A total of 317 patients with suspected PTA were seen prior to policy implementation, with an additional 275 patients seen in the years after. The frequency of CT use was 41% (131/317) in pre-policy patients, and 28% (77/275) in post-policy patients (p = 0.004). The most common specialty of ordering physician was Pediatrics in the pre-policy patients (45%), and Otolaryngology in the post-policy patients (41%) (p = 0.0003).
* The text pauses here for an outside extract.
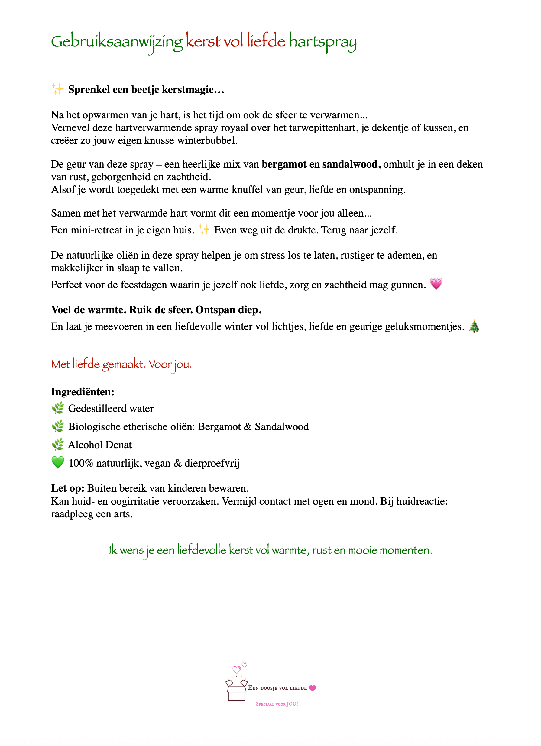 💧 Een verstuiver van 20 ml “Kerst vol warmte & liefde” hartspray – 100% natuurlijk.

Of the 131 patient who underwent CT scanning before policy implementation, 36 patients (27%) required incision and drainage (I&D) of their PTA in the OR. This is in comparison to 42/77 patients (55%) in the post-policy group who underwent I&D in the OR (p < 0.0001).

CONCLUSION

An institution-wide policy to decrease unnecessary imaging studies in pediatric patients resulted in a significant reduction in the use of CT imaging in the work-up for suspected PTA. Additionally, there was increase in the frequency of patients who underwent surgical intervention for their PTA after CT imaging, suggesting a more scrutinized approach to CT usage since policy implementation.

摘要

目的

本研究的目的是探讨一项全机构范围内减少儿科患者辐射暴露的政策对疑似扁桃体周围脓肿(PTA)患儿计算机断层扫描(CT)成像使用情况的影响。

方法

对一家机构在十年期间因疑似PTA到急诊科就诊的所有18岁以下儿科患者进行回顾性研究。患者分为两组,一组是在政策实施前几年就诊的患者,另一组是在政策实施后几年就诊的患者。主要观察指标包括作为检查一部分接受CT扫描的患者频率、开单医生的专业以及疑似PTA的治疗情况。

结果

在政策实施前共诊治了317例疑似PTA患者,政策实施后又诊治了275例患者。政策实施前的患者中CT使用率为41%(131/317),政策实施后的患者中CT使用率为28%(77/275)(p = 0.004)。政策实施前开单医生最常见的专业是儿科(45%),政策实施后是耳鼻喉科(41%)(p = 0.0003)。在政策实施前接受CT扫描的131例患者中,有36例(27%)需要在手术室对其PTA进行切开引流(I&D)。相比之下,政策实施后组中有42/77例患者(55%)在手术室接受了I&D(p < 0.0001)。

结论

一项全机构范围内减少儿科患者不必要影像学检查的政策导致疑似PTA检查中CT成像的使用显著减少。此外,CT成像后因PTA接受手术干预的患者频率有所增加,这表明自政策实施以来对CT使用的审查更加严格。